Preferably, the deposition technique is one in which the microwave
interactive material is deposited from solution.
[0032] Solutions of microwave interactive coating compositions are
typically prepared from substantially non-aggregated particles of
the microwave interactive material, a soluble binder, and optional
additional processing aids dissolved in a solvent. Suitable
processing aids include dispersing aids, biocides, pH modifiers, or
defoamers. The particles of microwave interactive material tend to
agglomerate and form aggregates. Coatings containing significant
numbers of aggregate particles create arcs when exposed to
microwave radiation necessary to cook food which can burn the food
and damage the microwave oven. Therefore, the microwave interactive
material is treated during the manufacture of the coating
composition, preferably by milling in water, to reduce the size and
number of aggregates. Therefore, by substantially non-aggregated it
is meant the particulate microwave interactive material has been
mechanically or otherwise treated to de-agglomerate a majority of
the aggregates formed by the microwave interactive material
[0033] The coating compositions used in this invention have a high
solids content and preferably do not contain any additives used
expressly to attenuate or reduce the heat generated by the carbon
from the microwave radiation. If the coating is to be used in a
gravure printing process, the solids content of the coating
composition is greater than 20 percent and generally in the range
of 22 to 26 percent or higher based on whether or not a surfactant
is included with the microwave susceptor and the binder polymer. If
the coating composition is to be used in a screen printing process,
the solids content of the coating composition is greater than 25
percent and generally in the range of 35 percent or higher, based
on whether or not a surfactant and/or a humectant is included with
the microwave susceptor and the binder polymer.
[0034] The coating compositions used in this invention have a fluid
viscosity suitable for them to be printed onto substrates, and the
viscosity is highly dependent on the printing process.

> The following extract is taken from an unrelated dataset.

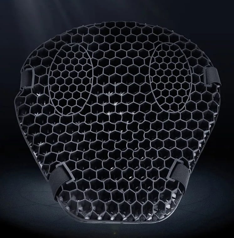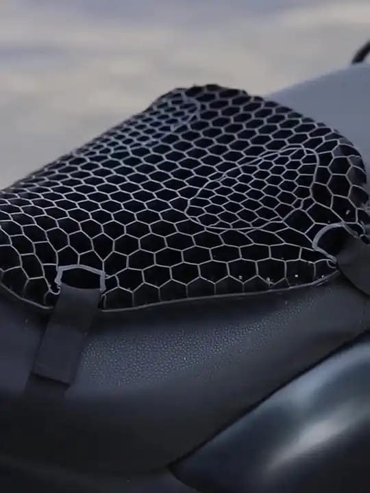 Đệm yên xe máy với thiết kế dạng tổ ong 3D gồm các ô nhỏ hình lục giác xếp chồng lên nhau. Thiết kế này mang lại nhiều lợi ích cho người sử dụng, bao gồm:
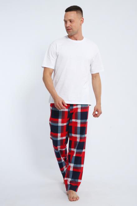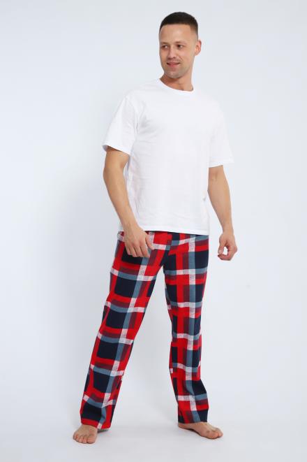 Брюки домашние мужские из кулирки красная клетка

For screen
printing a viscosity of about 5,000 centipoise or greater is
desired, while for gravure printing a viscosity of about 500
centipoise or less is desired. Alternatively, other health-friendly
additives and/or pigments can be added as long as the final coating
composition performs and is safe for food contact.
[0035] The coating composition can contain additives that maintain
shelf-life or assist in the printing process. For example, since
natural polymers are used a biocide may need to be added to prevent
souring of the ink. The coating composition can also be tailored
for the printing process that is to be used, for example, to make a
screen printing ink a humectant can be added to decrease drying
rate and improve screen life.
[0036] These coating compositions are preferably printed or coated
onto a substrate in such quantity so as to create a cooking surface
on that substrate that has in excess of 35 weight percent microwave
susceptor particles that are both substantially non-aggregated and
uniformly dispersed in the natural polymer binder. Such coatings
are used to cook food, these coatings can achieve very high
temperatures when contacted with microwave energy without burning
the susceptive structure or creating damaging arcs to the food or
the microwave oven. Typically, the microwave interactive coating
comprises 30 to 75 parts by weight of binder and 25 to 70 parts by
weight of microwave interactive material. Preferably, the coating
comprises 40 to 65 parts by weight of binder and 35 to 60 parts by
weight of microwave interactive material.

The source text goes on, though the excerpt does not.